Glossary

ImageNet (ILSVRC)

ImageNet is a hand-labelled image dataset of over 14 million images across 22,000 categories, organised by the WordNet hierarchy. The version most often referred to as "ImageNet" in benchmarking is the ImageNet Large-Scale Visual Recognition Challenge (ILSVRC) 2012 subset: 1,281,167 training images across 1,000 leaf categories, plus 50,000 validation and 100,000 test images. ILSVRC ran annually from 2010 to 2017, shifting the field from feature-engineering plus SVMs to end-to-end deep learning.

The benchmark is scored on top-1 error (the model's single highest-probability class must match the ground truth) and top-5 error (the gold class must appear in the top five predictions). Top-5 was the headline ILSVRC metric until the field switched to top-1 around 2017.

Performance trajectory, the trajectory that defined modern AI:

  • 2010 (first ILSVRC): hand-crafted SIFT + Fisher vectors + linear SVM, top-5 error 28.2%.
  • 2011: 25.8% (more SIFT/HOG variants).
  • 2012: AlexNet (Krizhevsky, Sutskever, Hinton), first CNN, two GPUs, ReLU, dropout, top-5 error 15.3% vs runner-up 26.2%. The 10.9-point gap is widely regarded as the moment the deep-learning era began.
  • 2013: ZFNet 11.7%.
  • 2014: GoogLeNet 6.7%, VGG 7.3%.
  • 2015: ResNet-152 (He et al.), first to exceed estimated human performance (~5.1% top-5), 3.57%.
  • 2016: ensemble systems 2.99%.
  • 2017: SENet 2.25% (final ILSVRC).
  • 2020+: top-1 error becomes the headline; Vision Transformer (ViT-G) reaches 88.6% top-1 (11.4% top-1 error), EfficientNet-V2-XL 87.3%, and self-supervised methods like DINOv2 push frozen-feature linear-probe top-1 above 86%.
  • 2024+: top-1 saturating around 91% with frontier vision-language and self-supervised systems; remaining errors are largely concentrated in genuinely ambiguous or mislabelled images (an estimated 5% of the validation set).
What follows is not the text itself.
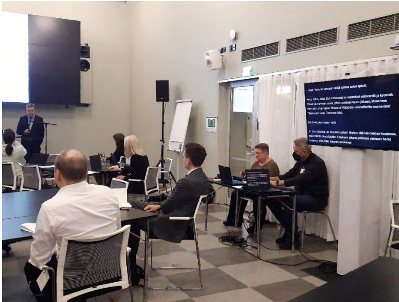
11.5.2022 hybriditilaisuutena järjestetty pyöreän pöydän keskustelu.

Known issues. Decades of papers have documented label noise, class imbalance, geographic bias, and culturally skewed categories ("groom"/"bride" examples are disproportionately Western). The WordNet hierarchy is notoriously inconsistent. Recent work (Northcutt et al., 2021) found that ~6% of validation labels are wrong, capping achievable accuracy.

Modern relevance. ImageNet remains the canonical pretraining and evaluation benchmark for vision backbones, the foundational pretraining target for ViT, ConvNeXt, ResNet, EfficientNet, and the de-facto ancestor of every modern multimodal model. It is the benchmark whose ascent catalysed the deep-learning revolution, without 2012 AlexNet, modern AI would look very different.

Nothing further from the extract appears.